We must both adhere to the “One Country” principle and respect the differences of the “Two Systems”, both uphold the power of the Central Government and ensure a high degree of autonomy in the HKSAR, both give play to the role of the mainland as a staunch supporter of Hong Kong and enhance Hong Kong’s own competitiveness.

Another aspect of Chinese (and indeed socialist) culture is the simultaneous desire for peace and harmony, as well as the constant process of criticism. At times, this relationship can suffer by focusing on one or the other side too much:

So it comes as no surprise that there are different views and even major differences on some specific issues. However, making everything political or deliberately creating differences and provoking confrontation will not resolve the problems. On the contrary, it can only severely hinder Hong Kong’s economic and social development.

In other words:

Any attempt to endanger China’s sovereignty and security, challenge the power of the Central Government and the authority of the Basic Law of the HKSAR or use Hong Kong to carry out infiltration and sabotage activities against the mainland is an act that crosses the red line, and is absolutely impermissible.

As Mao would put it, contradictions are to be expected, but antagonistic contradictions are not acceptable. Or as Xi puts it, invoking a traditional concept: ‘Harmony brings good fortune, while discord leads to misfortune’.

Xi wraps up his speech by invoking key features of CPC policy:

China is now in a decisive phase to finish building a moderately prosperous society in all respects. People of all ethnic groups across the country are engaged in a joint endeavor to realize the Two Centenary Goals and fulfill the Chinese Dream of national renewal. Ensuring the continued success of the practice of “One Country, Two Systems” in Hong Kong is part and parcel of the Chinese Dream.

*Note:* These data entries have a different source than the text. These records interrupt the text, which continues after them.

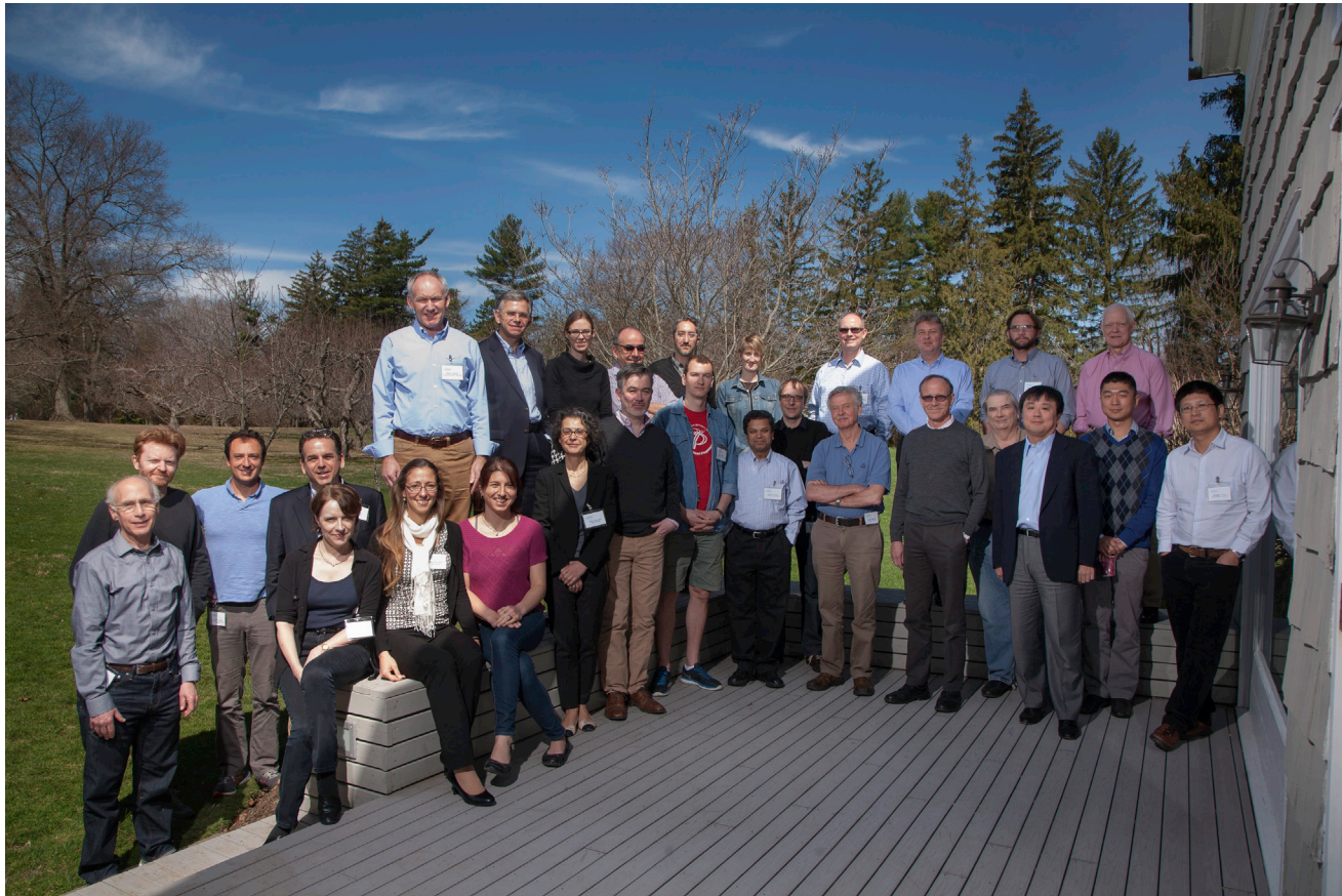
Figure 2. Banbury Meeting Attendees

for naive human pluripotency, ultimately yielding an improved combination of five kinase inhibitors (5i/L/FA) that induces and maintains OCT4 distal enhancer activity when applied directly to conventional hESCs (Theunissen et al., 2014). Using these optimized conditions, his group demonstrated direct conversion of primed to naive ESCs in the absence of transgenes and isolation of novel hESCs from human blastocysts. They noted, however, that naive hESCs showed upregulated XIST and evidence of X inactivation, raising the possibility that X inactivation in naive stem cells in mouse and human may be different. Critically, transplantation of GFP-positive human naive hESCs into mouse blastocysts yielded no GFP-positive E10.5 embryos, either by their original method ( n = 860 embryos) or by published methods (Gafni et al., 2013) ( n = 436+ embryos). PCR for human mitochondria is a more sensitive assay, identifying even the presence of 1/10,000 human cells, but this also failed to detect mouse-human chimerism. Although the generation of interspecies chimeras by injection of human ESCs into mouse morulae was proposed as a stringent assay for naive human pluripotency (Gafni et al., 2013), the assay may be too inefficient for use as a routine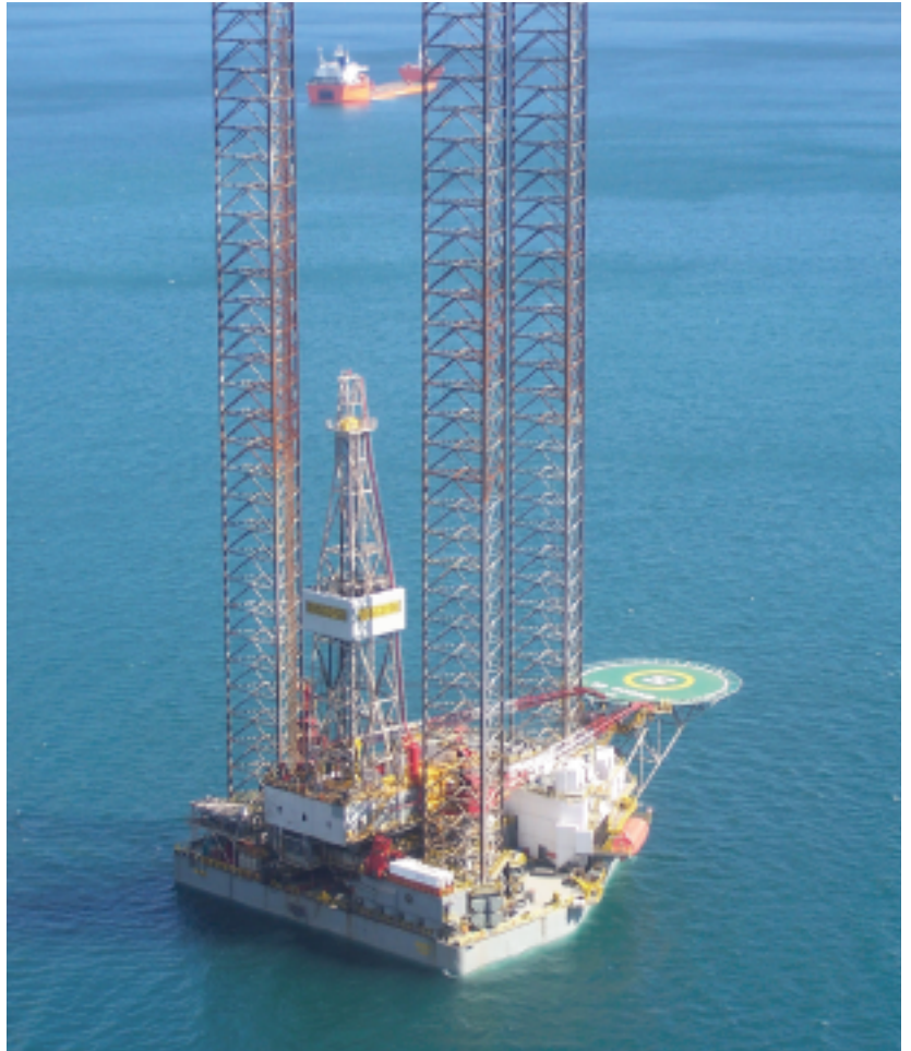
EnSCO 56 Admiralty Bay New Zealand with the heavy lift transport vessel in the background

OMS has a close working relationship with EnSCO Rig Manager Jason Morganelli and his shore base staff in New Plymouth, in fact very close in the sense that EnSCO occupy offices immediately adjacent to OMS's own offices on the 5th Floor of the IRD Building in New Plymouth. The EnSCO 56 is presently operating over the Pohokura Platform only a short distance offshore and clearly visible from the EnSCO office windows.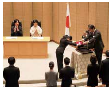
Receiving the Ikushi certificate and medal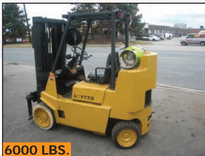
6000 LBS. HYSTER H60XM LPG fork lift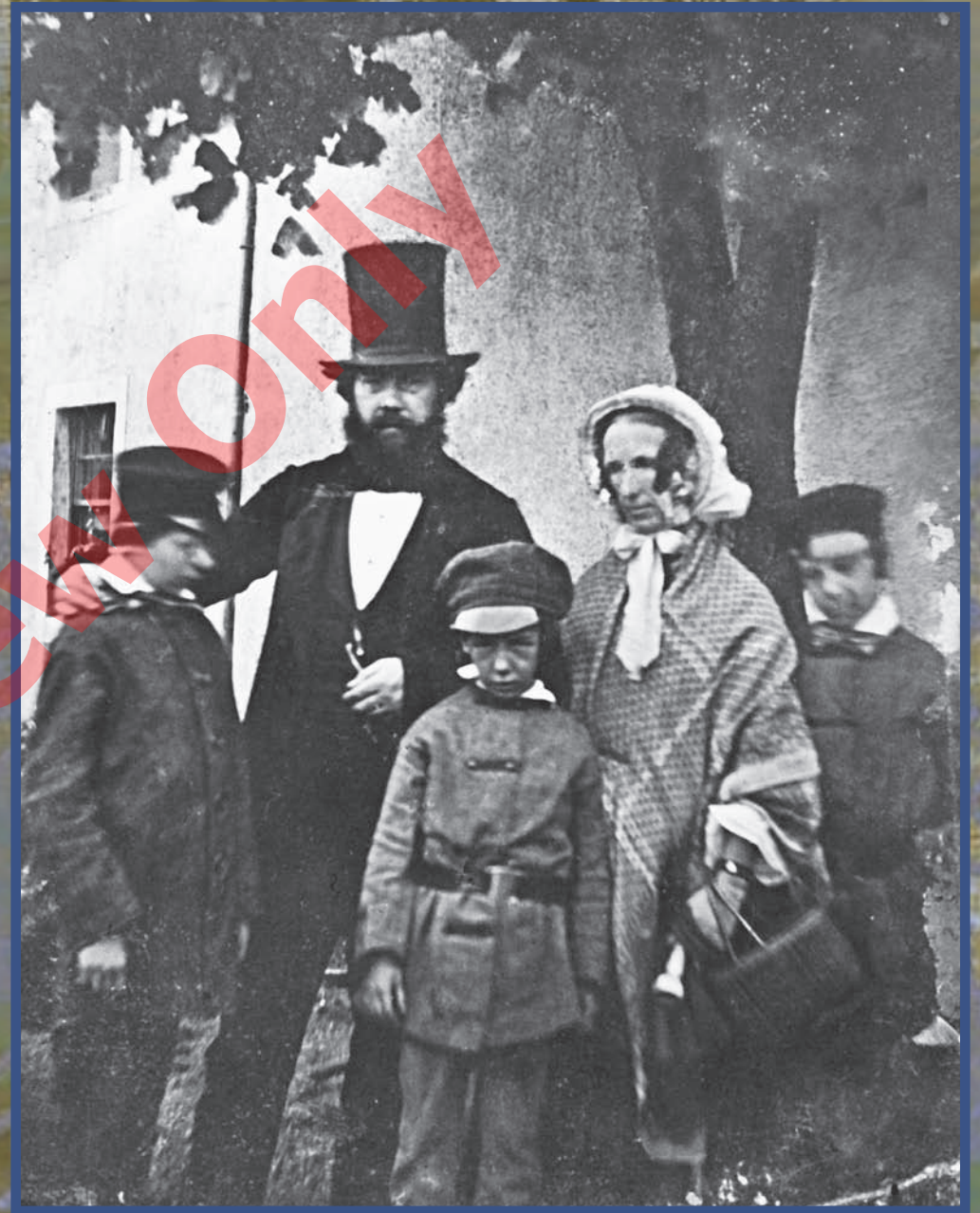
Alexander Graham Bell (right) with his parents and two brothers in Scotland

Bell was brought up in a family that helped him to study and learn. The whole family studied speech and sound. This is because Bell's father worked with deaf people. Bell's mother was deaf, too. As he grew up, Bell began to think up new devices. Then he would make them. People like this are called inventors .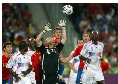
Italian goalie Walter Zenga in action during the 1990 FIFA World Cup match against Argentina ending in a win for Argentina after extra time. Goalkeeper Fabien Barthez (FRA) during the 2006 FIFA World Cup round of 16 match Spain - France 1:3.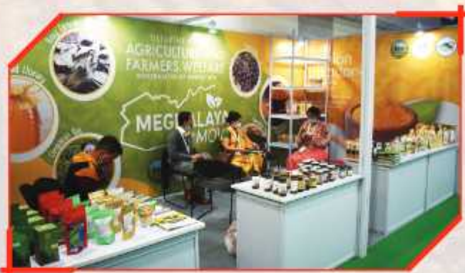
Government of Meghalaya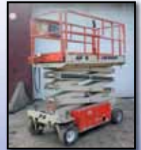
'93 JLG CM-2546

1993 JLG Model CM-2546 Self-Propelled Scissor Lift , s/n C003767 0200010112, powered by 24 volt electric and electric drive, equipped with 42"x96" platform, 6' extension, 750# capacity, 25' platform height, on-board charger, and solid tires. In good condition with good tires.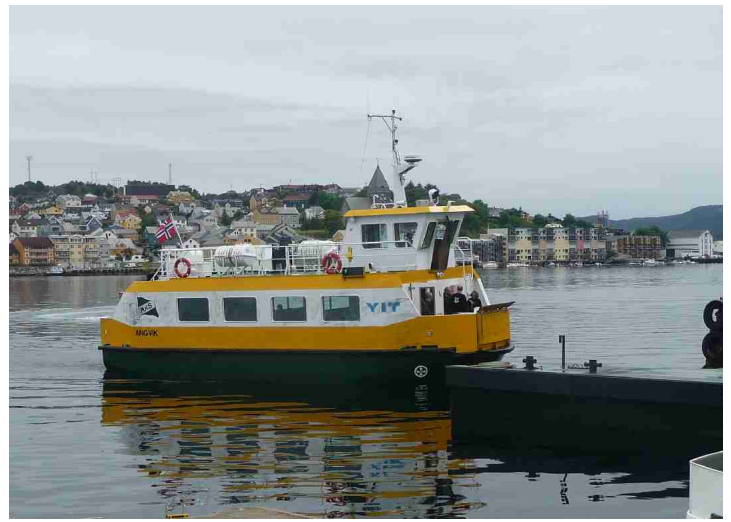
The sound boat goes between the four parts of Kristiansund.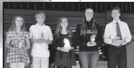
Young Scholarship and Award Winners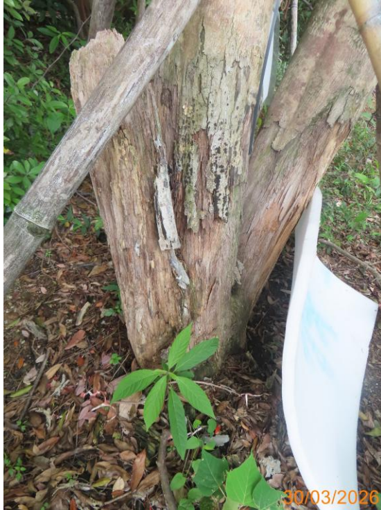
13: U041_Wood damage at trunk union#1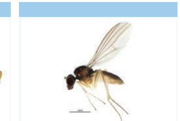
[Lateral] Dolichopodidae BIN URI: BOLD:AAG9713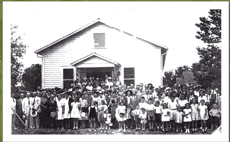
The Chapel on Chester Street after the move from Camp Livingston.

In the 1990s the property was sold to Rapides Council On Aging and the Trinity Methodist church constructed a new building on Bayou Rapides Road. The first service was held in the new building August 2, 1996.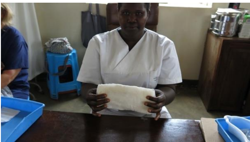
Figure 60 Making pads from gauze and cotton wool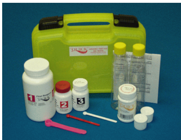
Figure 2-1. Industrial Test Systems, Inc., Quick™ Arsenic Test Kit

The objective of the ETV AMS Center is to verify the performance characteristics of environmental monitoring technologies for air, water, and soil. This verification report provides results for the verification testing of the Quick™ test kit for arsenic in water. Following is a description of the test kit, based on information provided by the vendor. The information provided below was not verified in this test.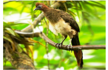
Guacharaca Chachalaca Cabecirrufo Rufous-headed Chachalaca Ortalis erythroptera Grande como un pavo, y en grupos: muy ruidosa Large, turkey-sized bird found in groups; very noisy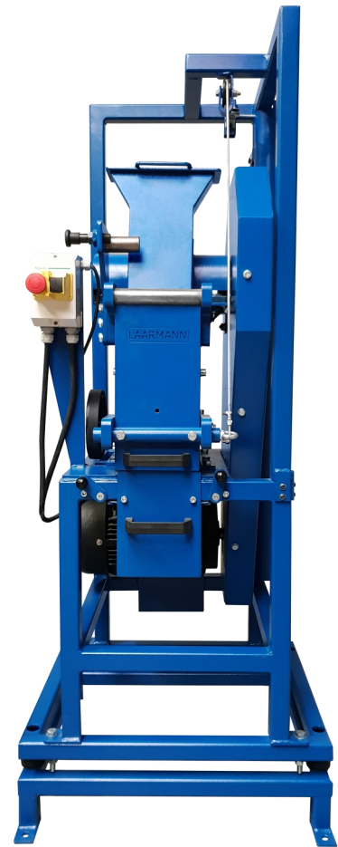
LMC100VD jaw crusher vertical door custom made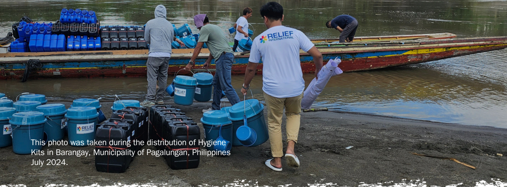
This photo was taken during the distribution of Hygiene Kits in Barangay, Municipality of Pagalungan, Philippines July 2024.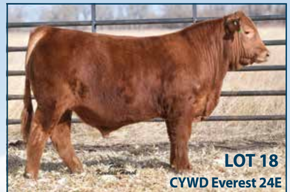
LOT 18 CYWD Everest 24E

3/8/16 • PC 77% • DP/DB • Bred TMCK Architect 031A x CYWD Azalea 29A BW: 78 • Adj. WW: 649 CD: 8 BW: -0.1 WW: 67 YW: 90 MK: 25 CM: 5 SC: 0.8 DC: 12 YG: -.10 CW: 19 RE: .36 MB: .07 $MI: 53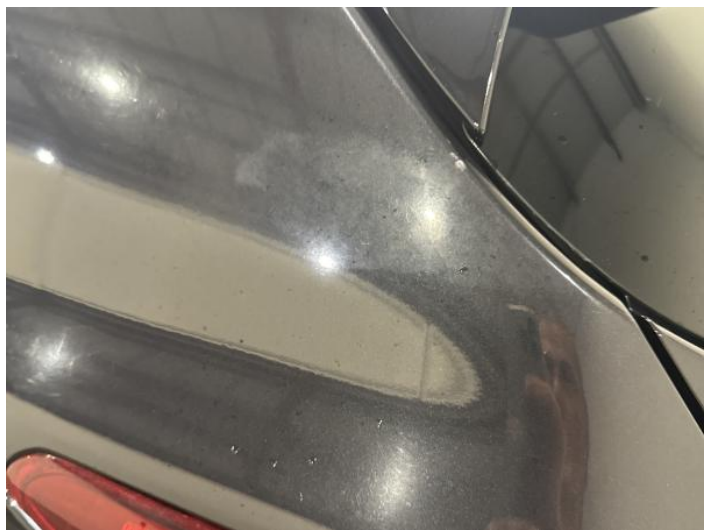
8: Qtr Panel nsr Poor Previous Repair Poor Paint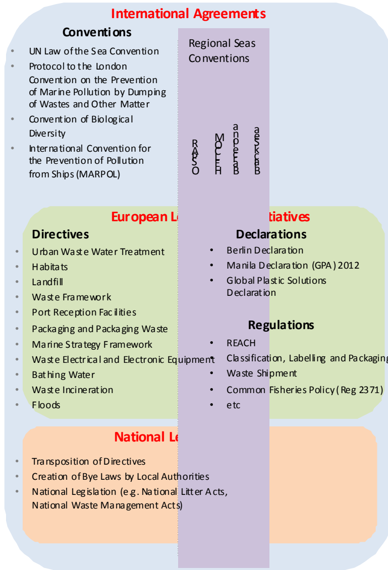
Figure 2. An example of the hierarchy of legislation concerning waste management of relevance to the reduction of litter entering the marine environment.

When considering the relative value of national, regional/European or international legislation it is instructive to consider the time taken to complete the process, from inception of a concept to the ratification and implementation of the legal instrument. For example, while it may be possible to introduce national legislation in a matter of months, it may take many years or decades for the international community to reach agreement on the purpose, extent, verification and implementation of a Convention. In matters of enforcement it is usually the responsibility of national authorities to police and bring to court those individuals or organizations deemed to have broken the law. Unfortunately, the existence of a legal instrument does not guarantee that illegal practices will cease. Sovereign states have a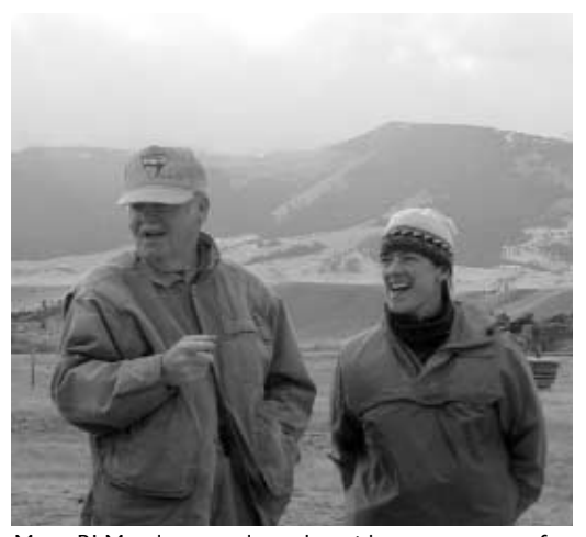
Many BLM volunteers love the wide-open spaces of the West. Just ask the Moores, campground hosts at Red Mountain campground near Dillon, Montana.

The original CCC movement under President Roosevelt recruited approximately 2 million Americans from 1933 to 1942 to conserve natural resources across the nation. The recruits, mostly young men between the ages of 17-21, planted more than 3 billion trees, surveyed and mapped lands, dug wells, built dams, and completed soil erosion control projects. The CCCers were paid approximately $30 a month for their efforts.

All the key ideas are here (which I have written about extensively elsewhere). The ‘moderately prosperous society’ (xiaokang shehui) isa key element of Chinese socialism, drawing on a Confucian term, xiaokang. This is expressed in Xi’s signature ‘Chinese Dream’, which has the concrete elements of the two centenary goals. The first is the centenary of the CPC in 2021 and the second is the centenary of the People’s Republic in 2049. During this period the moderately prosperous society through ‘socialist modernisation’. How? Through lifting the remaining people, mostly in western China, out of poverty (700 million have so far been lifted out of poverty since 1978), through gradually bringing about a socialist welfare state (an original invention of socialism), through the Belt and Road Initiative, the Shanghai Cooperation Organisation, the Asia Infrastructure Development Bank, and – with specific reference to Hong Kong – the Guangdong-Hong Kong-Macao Greater Bay Area.

So what is Hong Kong to do in light of this? Xi quotes a local saying:

After leaving Suzhou, a traveler will find it hard to get a ride on a boat, meaning an opportunity missed is an opportunity lost.